A deputada federal Talíria Petrone (PSOL-RJ) disse que não se pode permitir que Camargo "destile seu ódio contra a memória de um jovem brutalmente assassinado".
"Nossa bancada acionou o Ministério Público para que ele seja investigado e afastado imediatamente da Fundação Palmares. Moïse e sua família merecem respeito!", anunciou a parlamentar no Twitter.
Entenda o caso
Moïse foi espancado a pauladas e estrangulado no quiosque em que trabalhava na praia da Barra da Tijuca, no Rio de Janeiro. Três homens foram identificados e presos. Segundo a família, o congolês cobrava pagamentos por diárias de trabalho no quiosque. O caso causou comoção internacional e jogou pressão sobre o governo Jair Bolsonaro.
Na manhã de sexta (11), Camargo provocou protestos e agitação nas redes sociais, quando publicou uma postagem sobre Moïse Kabagambe. Conhecido por contestar episódios de racismo, ele escreveu:
"Moise (sic) andava e negociava com pessoas que não prestam. Em tese, foi um vagabundo morto por vagabundos mais fortes. A cor da pele nada teve a ver com o brutal assassinato. Foram determinantes o modo de vida indigno e o contexto de selvageria no qual vivia e transitava".
Em reação, um usuário da rede identificado como "Pedrao Bicampeao" propôs um debate com Camargo sobre o racismo, racismo estrutural e pautas sociais.
"Você coloca todos os seus pontos de vista na mesa e a gente debate", sugeriu.
"Não debato com escravos", respondeu o presidente da Fundação, gerando ainda mais comentários na rede social.
As cópias destas postagens — e de outras — estão anexadas ao processo.
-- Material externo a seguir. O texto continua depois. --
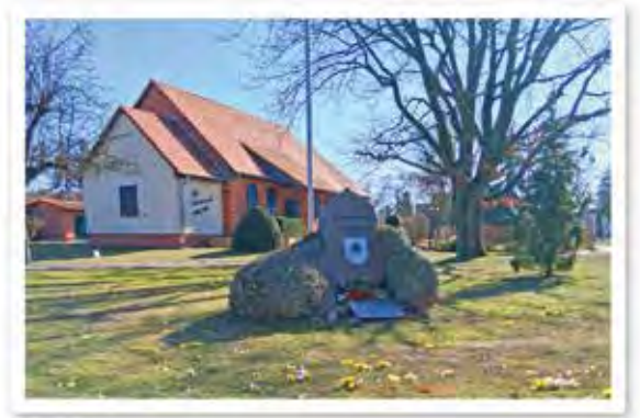
Das Gebäude der Remonteschule ist heute Begegnungsstätte.

Das Wappen von Bärenklau ist ein „redendes Wappen“ – es nimmt Bezug auf den Ortsnamen und symbolisiert die enge Verbindung zur Geschichte.

"Como é seu costume, o réu teceu agressões gratuitas para pessoas que ele - como Presidente da Fundação Palmares - deveria assistir e contribuir na resolução de problemas", escreveu Botelho, que defende que a postura de Camargo nas redes sociais serve para "mostrar trabalho alinhado com os mandamentos da família Bolsonaro".
Para o advogado, o fato de o conteúdo ter sido publicado na conta no Twitter é um ato agravante do presidente da Fundação Palmares, porque ele a usa "essencialmente com viés da publicidade do trabalho no cargo". Ele escreveu na peça também que se trata de "sério e grave risco de mais danos irreparáveis ou de difícil reparação da continuidade do réu ofendendo pessoas através de redes sociais".
"Cada dia que o réu inventar nova agressão e acusação sem qualquer método aceitável, levará no futuro o Estado brasileiro a pagar indenizações", argumentou.